I was watching a show called Police Women of Maricopia County last night. I think it was on the Discovery channel but cant remember for sure. Anyway, its a show about police women in the police force. Two of the women on that show was carring Kimber pistols. I froze the picture when they showed them drawing there gun on a suspect and you could read Kimber on the pistol. couldnt tell what model but one of them did have a aluminum frame. i could tell by the different color body. Anyway, thought that was a plus for Kimber.

Robin


----------



## VasSigmeister (Jan 3, 2010)

That is a great show, I find it very entertaining. I will have to look more closely next time!
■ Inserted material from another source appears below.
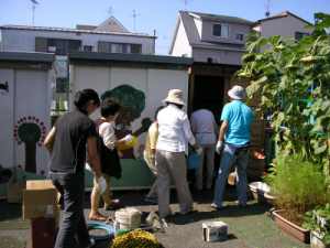 問題はないかと聞くと、「犬猫の糞が困る」「(住民が植えられるスペースに)フェンスにからむようにゴーヤを植えたら市から抜けと言われた」「花はいいが野菜はダメ、野菜の育つところを見るのは教育にもいいのに」「つつじが多く植えすぎて大きくならない」

I usually try to identify the handguns used on these types of shows.


----------



## YFZsandrider (Feb 28, 2009)

The Tacoma Police Dept in Washington State issues a Kimber Pro model, of some variation, as their service weapon.


----------



## dondavis3 (Aug 2, 2009)

Hurst Texas Policemen carry Kimbers.

:smt1099


----------



## VietVet68 (Jan 10, 2010)

*On the cheap*

The city of Detroit is so broke they just switched to S%W Sigma series.


----------



## kevinm783 (Aug 9, 2009)

hey vietvet, where you located? what's your favorite shop around here?


----------



## Lethaltxn (Mar 21, 2010)

A sheriff friend of ours carries a Kimber and talked me into buying mine. He says he can's imagine carrying anything else.


----------